I'm trying to retrieve a <p class>
element.
<div class="thread-plate__details">
<h3 class="thread-plate__title">(S) HexHunter BOW</h3>
<p class="thread-plate__summary">created by Aazoth</p> <!-- (THIS ONE) -->
</div>
But with no luck.
The code I am using is below:
' the example url to scrape
Dim url As String = "http://services.runescape.com/m=forum/forums.ws?39,40,goto," & Label6.Text
Dim source As String = GetSource(url)
If source IsNot Nothing Then
' create a new html document and load the pages source
Dim htmlDocument As New HtmlDocument
htmlDocument.LoadHtml(source)
' Create a new collection of all href tags
Dim nodes As HtmlNodeCollection = htmlDocument.DocumentNode.SelectNodes("//p[@class]")

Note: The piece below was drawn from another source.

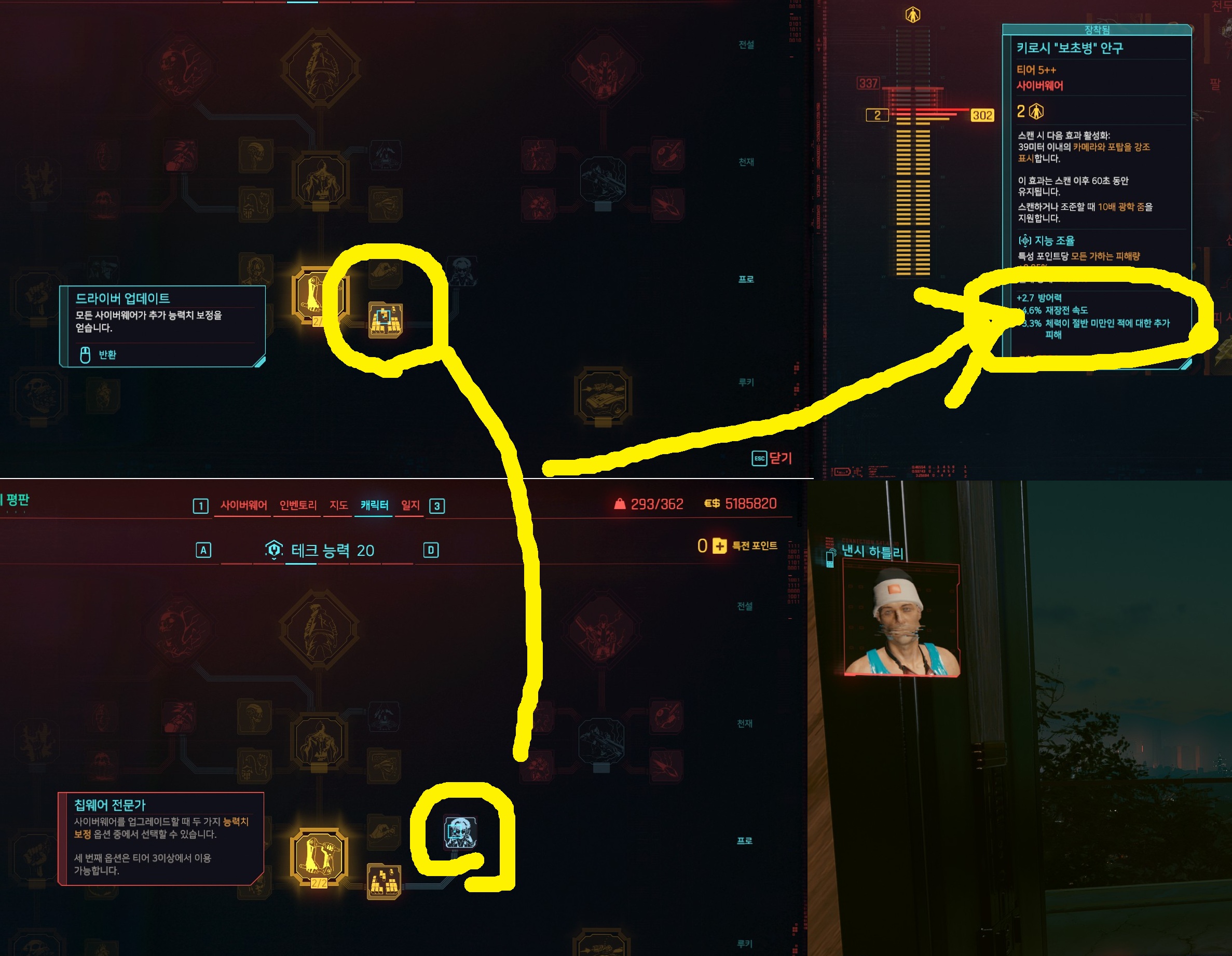 그리고 무기나 옷은 돈이나 부품이 부족한 경우 상점에 팔거나 분해하시면 됩니다 돈이 필요하면 = 상점에 팔기 부품이 필요하면 = 분해 (다중 분해가 없으니 좀 귀찮긴 합니다.) 첨부한 이미지는 사이버웨어에 능력치 달리는건데, 왼쪽 위는, 추가 능력치 부여해주는 스킬이고 오른쪽 아래는 추가 능력치 고를 선택지를 늘려주는 기능이예요. 오른쪽 아래 (칩웨어 전문가)는 사이버웨어 업그레이드 완료하면 스킬 빼셔도 됩니다 | 25.12.16 20:29 | |
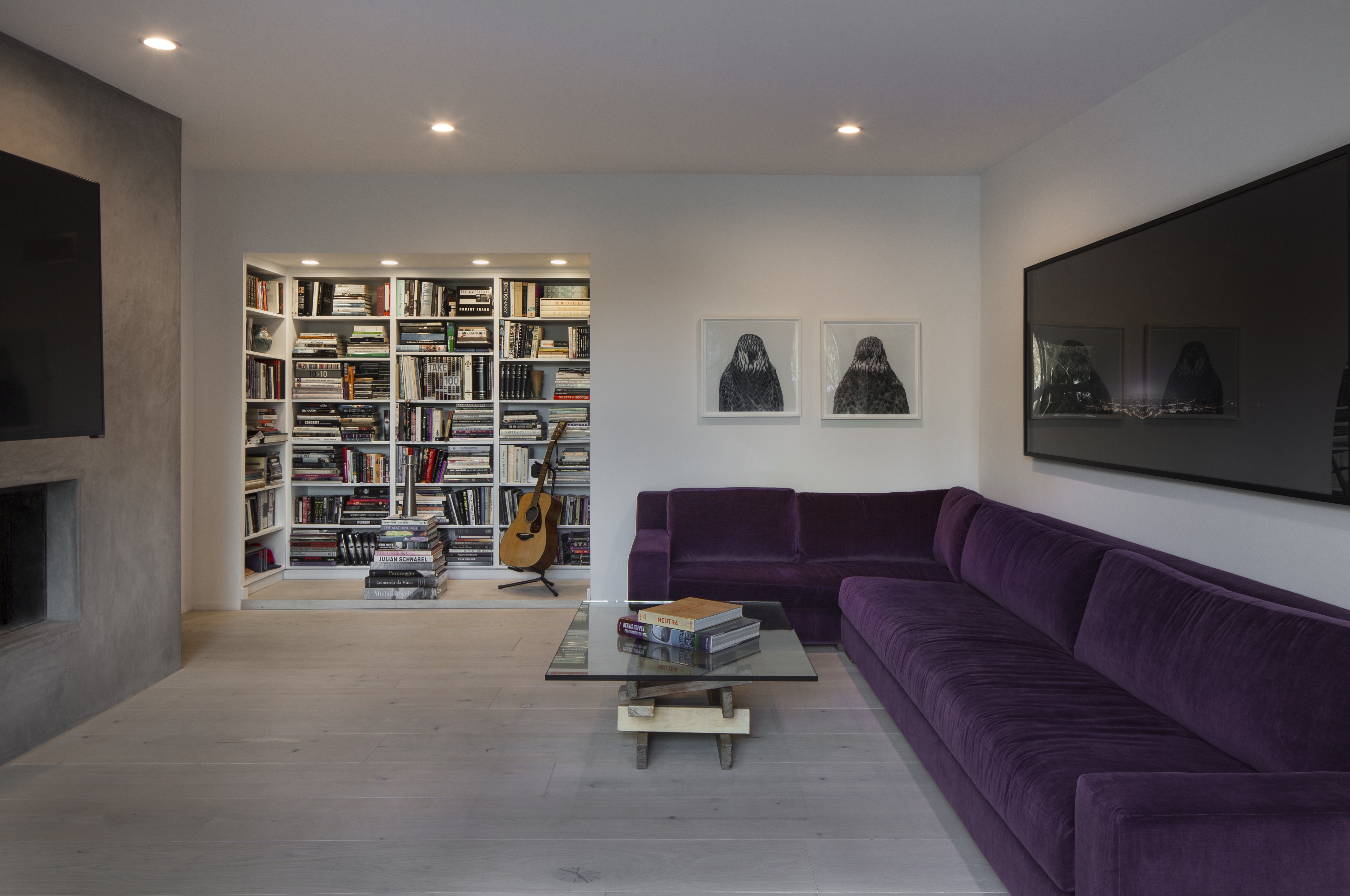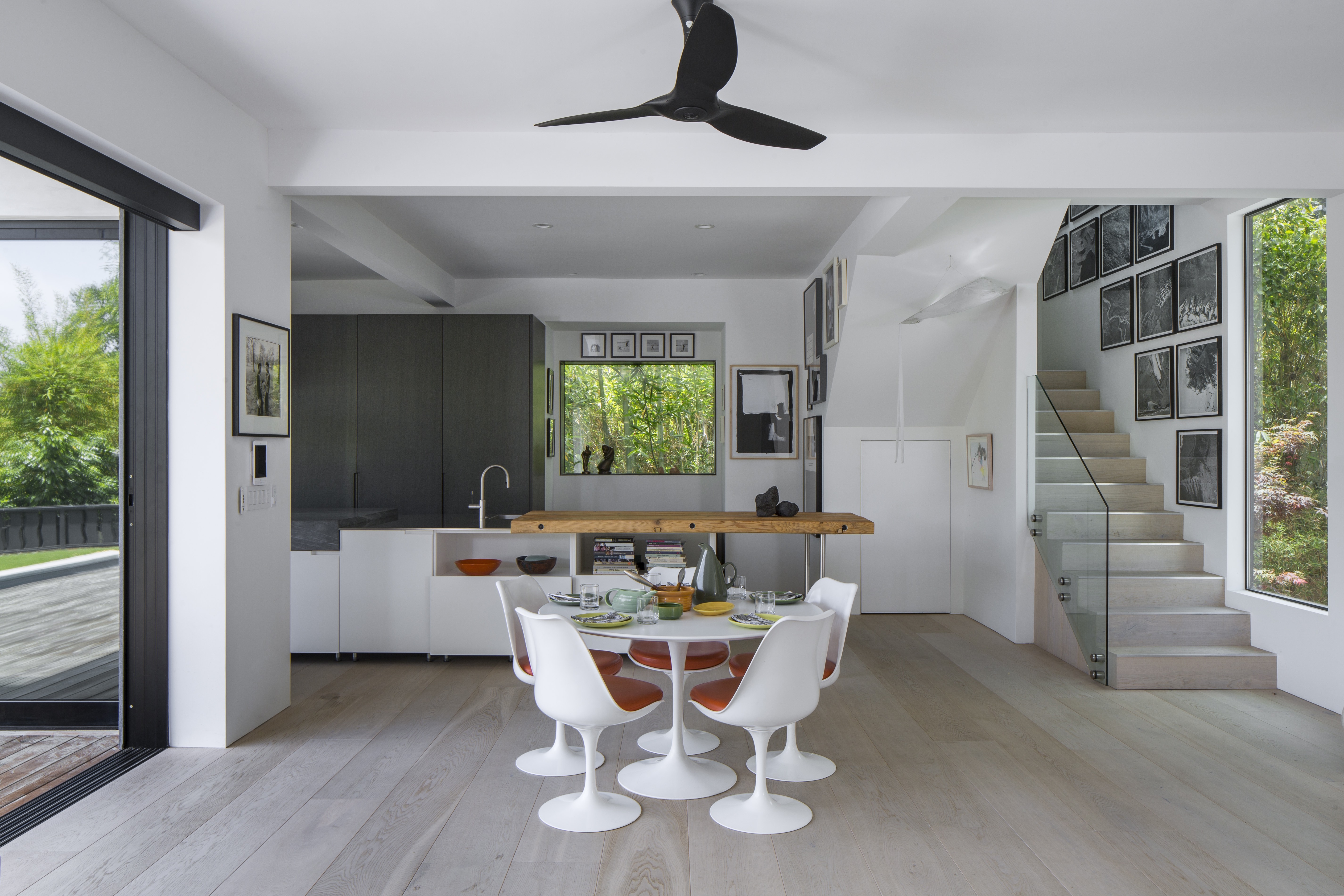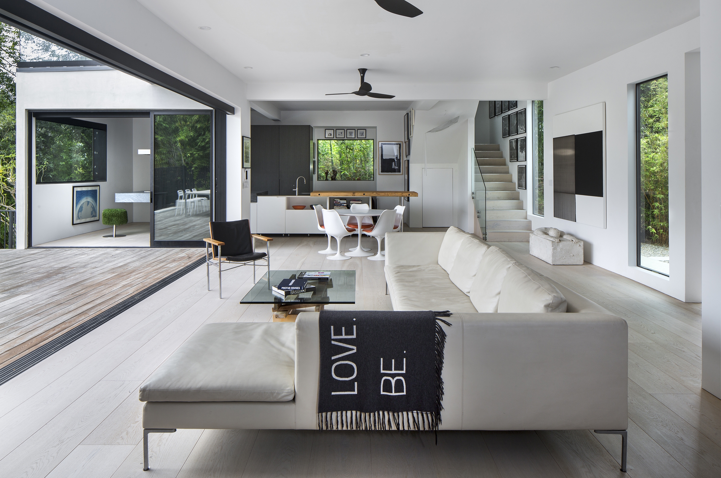 The living room includes a spacious island connecting the kitchen and dining area to enhance the flow of the space. The first level offers a home office with a powder room featuring black marble walls imitating the flow of Icelandic lava and a recycled rubber sink, made of recycled rubber tires. Design elements are oriented to take optimum advantage of natural light and cross ventilation.

' Using LINQ get all href values that start with http://
' of course there are others such as www.
Dim links =
(
From node
In nodes
Let attribute = node.Attributes("class")
Where attribute.Value.StartsWith("created by ")
Select attribute.Value
)
Me.ListBox1a.Items.AddRange(links.ToArray)
Dim o, j As Long
For o = 0 To ListBox1a.Items.Count - 1
For j = ListBox1a.Items.Count - 1 To (o + 1) Step -1
If ListBox1a.Items(o) = ListBox1a.Items(j) Then
ListBox1a.Items.Remove(ListBox1a.Items((j)))
End If
Next
Next
For i As Integer = 0 To Me.ListBox1a.Items.Count - 1
Me.ListBox1a.Items(i) = Me.ListBox1a.Items(i).ToString.Replace("created by ", "")
Next
For Each s As String In ListBox1a.Items
Dim lvi As New NetSeal.NSListView
lvi.Text = s
NsListView1.Items.Add(lvi.Text)
Next
It runs but I can't get the 'created by XXX' text. I've tried many ways but got no luck, an hand would be appreciated.
Thanks in advance everyone.
Looks like you are looking wrong string in the attribute.Value
. What I see is that attribute.Value.StartsWith("created by ")

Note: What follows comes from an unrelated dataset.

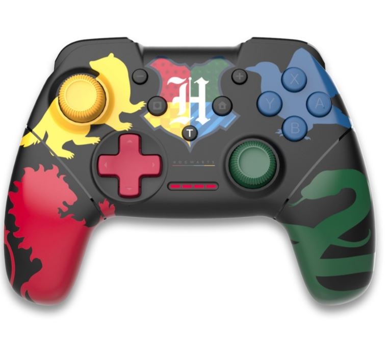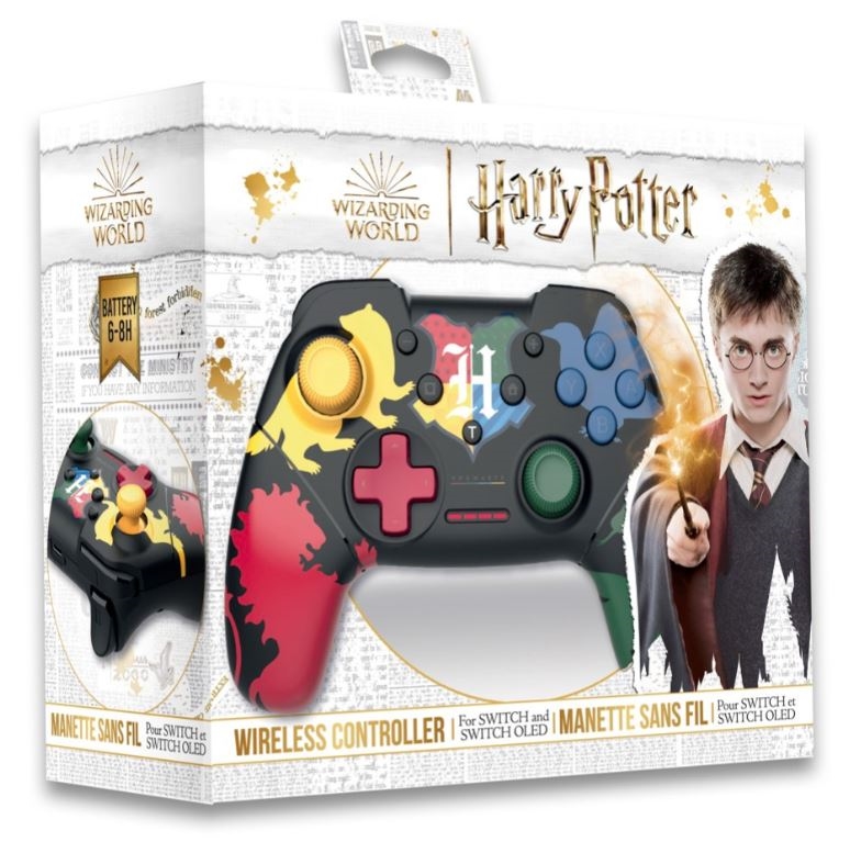 Bežični kontroler u stilu legendarnog Harryja Pottera s motivom kuća iz Hogwartsa kompatibilan s konzolom Nintendo Switch i Nintendo Switch OLED. Kontroler može raditi bežično do 8 sati, a moguće je nastaviti igrati i tijekom punjenja putem priloženog USB-C kabela duljine 1 m. Kontroler također ima funkciju vibracije i 4 LED indikatora.

must be changed to this one attribute.Value.StartsWith("thread-plate__summary")
.
And to grab inner content of node you have to do this: Select node.InnerText
;
' the example url to scrape
Dim url As String = "http://services.runescape.com/m=forum/forums.ws?39,40,goto," & Label6.Text
Dim source As String = GetSource(url)
If source IsNot Nothing Then
' create a new html document and load the pages source
Dim htmlDocument As New HtmlDocument
htmlDocument.LoadHtml(source)
' Create a new collection of all href tags
Dim nodes As HtmlNodeCollection = htmlDocument.DocumentNode.SelectNodes("//p[@class]")
' Using LINQ get all href values that start with http://
' of course there are others such as www.
Dim links =
(
From node
In nodes
Let attribute = node.Attributes("class")
Where attribute.Value.StartsWith("thread-plate__summary")
Select node.InnerText
)
Me.ListBox1a.Items.AddRange(links.ToArray)
Dim o, j As Long
For o = 0 To ListBox1a.Items.Count - 1
For j = ListBox1a.Items.Count - 1 To (o + 1) Step -1
If ListBox1a.Items(o) = ListBox1a.Items(j) Then
ListBox1a.Items.Remove(ListBox1a.Items((j)))
End If
Next
Next
For i As Integer = 0 To Me.ListBox1a.Items.Count - 1
Me.ListBox1a.Items(i) = Me.ListBox1a.Items(i).ToString.Replace("created by ", "")
Next
For Each s As String In ListBox1a.Items
Dim lvi As New NetSeal.NSListView
lvi.Text = s
NsListView1.Items.Add(lvi.Text)
Next
I hope this will work for you.